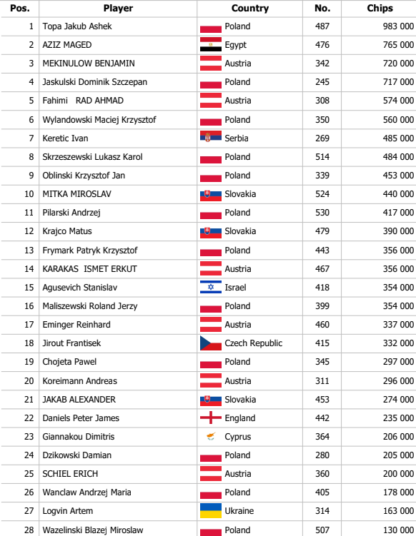 Grzegorz Borowski dostal svojich 471,000 do hry s Qx Jx. Do cesty sa mu postavil Jakub TOpa, ktorý ho o kúsok porkýval. Board Ax 6x Kx 9x Ax podržal lepšiu kombináciu a flight 1C sa tak skončil.
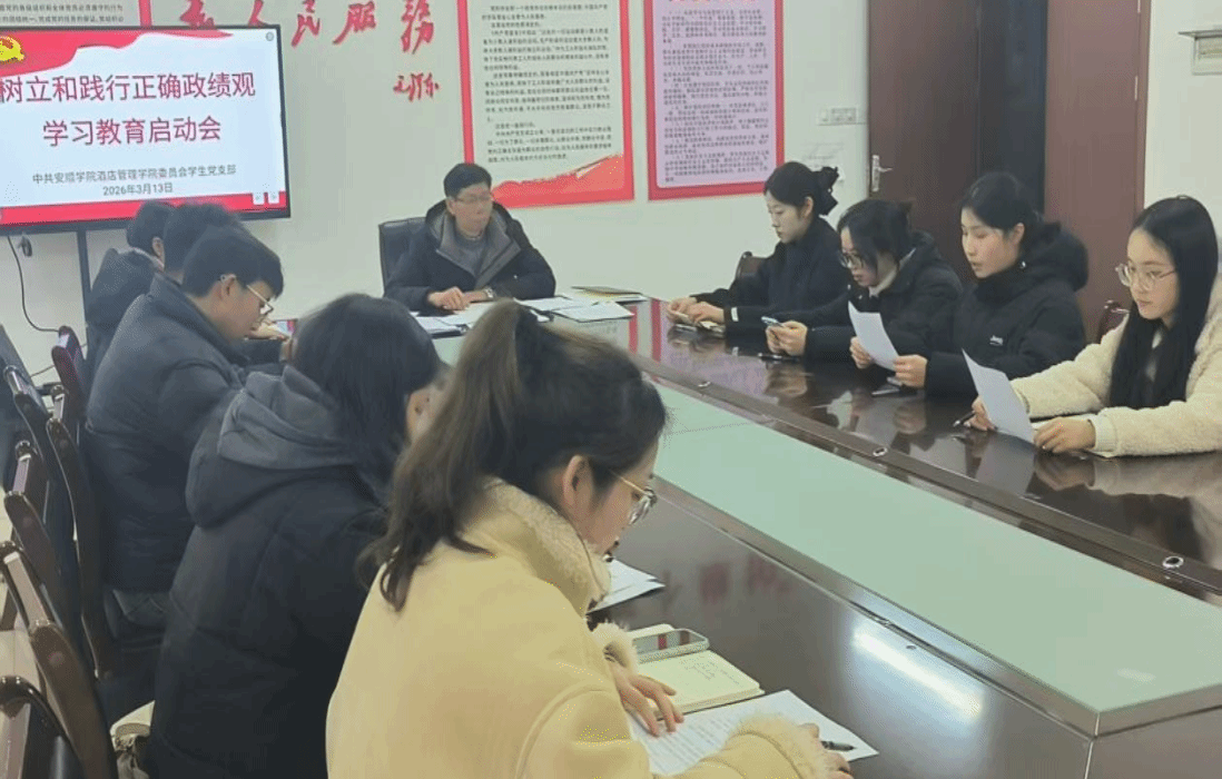 为深入学习贯彻习近平总书记奇乐棋牌树立和践行正确政绩观的重要论述,全面落实党中央及上级党委部署要求,2026年3月13日下午,奇乐棋牌酒店管理学院学生党支部在学院党员活动室(顺理楼4-17)召开树立和践行正确政绩观学习教育启动会,对支部学习教育工作进行动员部署。会议由党支部书记王东主持,全体党员参加。
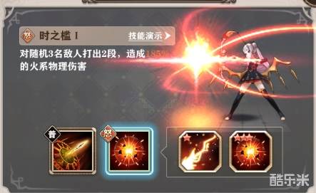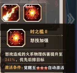 怒气技能:(时之槛I):对随机3名敌人打出2段,造成185%的火系物理伤害,该怒气只能特点就是能攻击3名目标,更加快速的降低敌方伙伴血量。
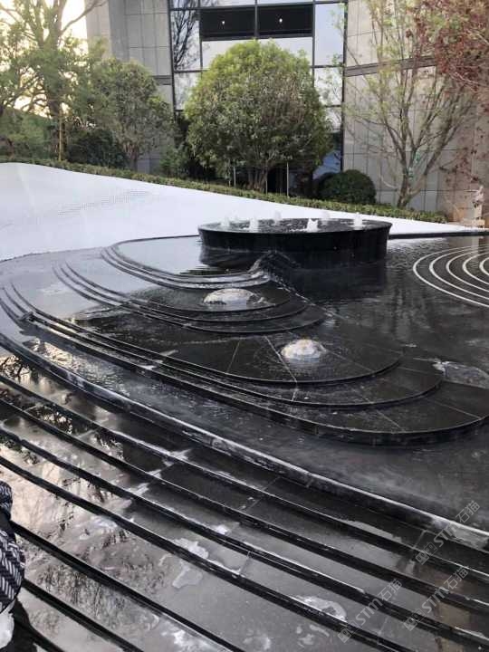印度黑金沙水景拼圖水池壓頂石黑金砂景觀園林工程案例
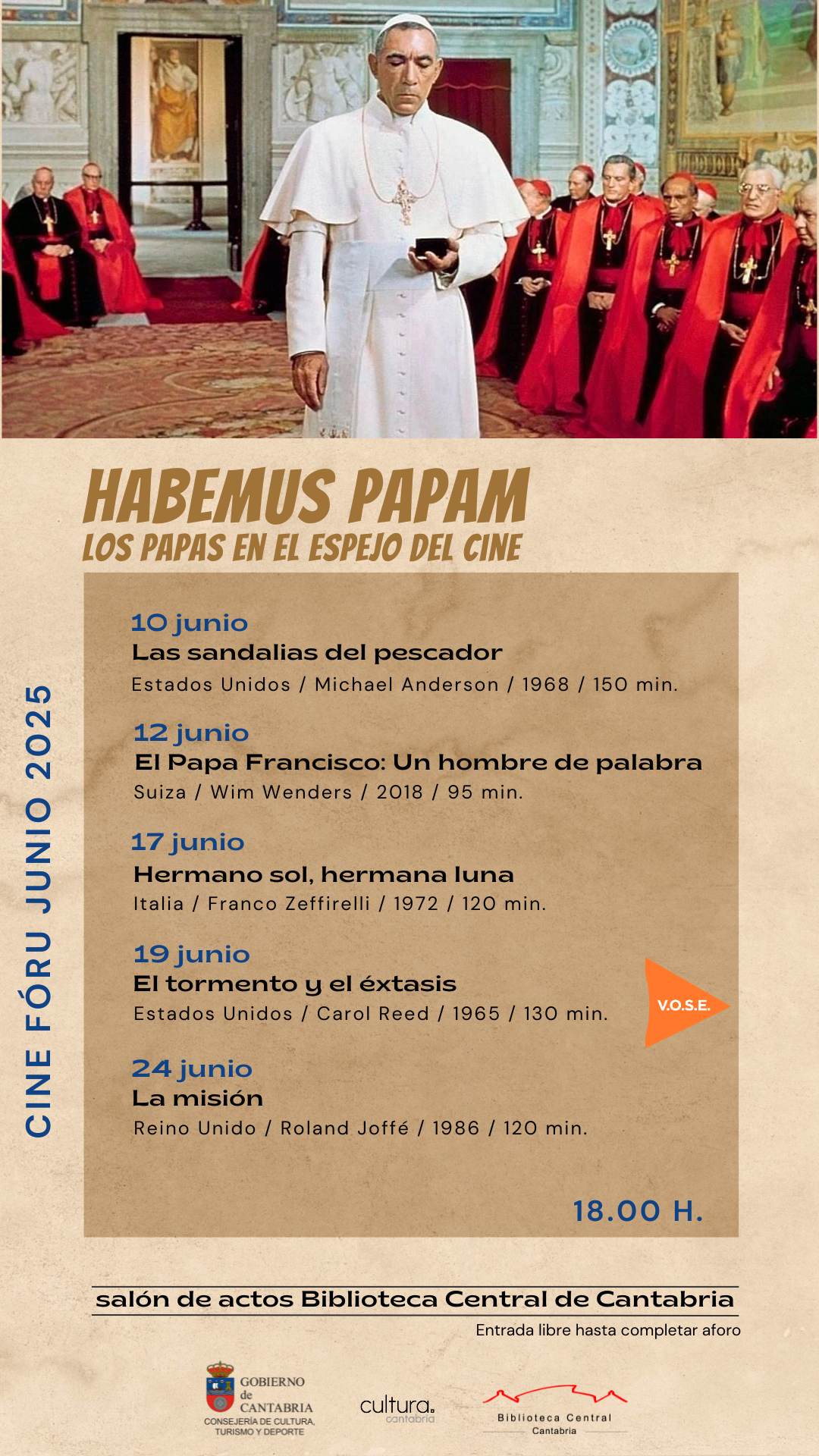 La Biblioteca Central de Cantabria programa en el mes de junio el ciclo de cinefórum “Habemus Papam. Los Papas en el espejo del cine”. El programa lo conforman cinco proyecciones que van desde largometrajes con argumentos que recrean, en mayor o menor medida, la vida de algunos destacados pontífices, algunos de ellos adaptaciones de obras literarias, hasta biopics o películas documentales basadas en figuras más recientes.
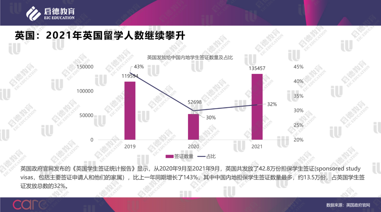 英國政府官網(wǎng)發(fā)布的《英國學(xué)生簽證統(tǒng)計(jì)報(bào)告》顯示,從2020年9月至2021年9月,英國共發(fā)放了42.8萬份擔(dān)保學(xué)生簽證(sponsored study visas,包括主要簽證申請人和他們的家屬),比上一年同期增長了143%,其中中國內(nèi)地?fù)?dān)保學(xué)生簽證數(shù)量最多,約13.5萬份,占英國學(xué)生簽證發(fā)放總數(shù)的32%。
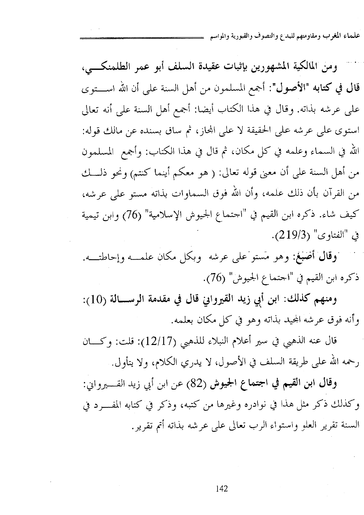 ومنهم كذلك: ابن أبي زيد القيرواني قال في مقدمة الرسالة (10): وأنه فوق عرشه المجيد بذاته وهو في كل مكان بعلمه.
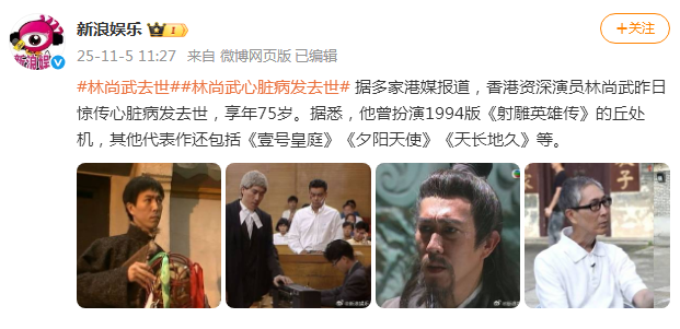 11月5日,据多家港媒报道,香港资深演员林尚武昨日因心脏病发去世,享年75岁。

□ □ □ □ □

Task requirements:
Repeat, word for word and with no pictures, only the lines running from the beginning of the data to the line that contains "印度黑金沙水景拼圖水池壓頂石黑金砂景觀園林工程案例".

Task response:
 Grzegorz Borowski dostal svojich 471,000 do hry s Qx Jx. Do cesty sa mu postavil Jakub TOpa, ktorý ho o kúsok porkýval. Board Ax 6x Kx 9x Ax podržal lepšiu kombináciu a flight 1C sa tak skončil.
 为深入学习贯彻习近平总书记奇乐棋牌树立和践行正确政绩观的重要论述,全面落实党中央及上级党委部署要求,2026年3月13日下午,奇乐棋牌酒店管理学院学生党支部在学院党员活动室(顺理楼4-17)召开树立和践行正确政绩观学习教育启动会,对支部学习教育工作进行动员部署。会议由党支部书记王东主持,全体党员参加。
 怒气技能:(时之槛I):对随机3名敌人打出2段,造成185%的火系物理伤害,该怒气只能特点就是能攻击3名目标,更加快速的降低敌方伙伴血量。
印度黑金沙水景拼圖水池壓頂石黑金砂景觀園林工程案例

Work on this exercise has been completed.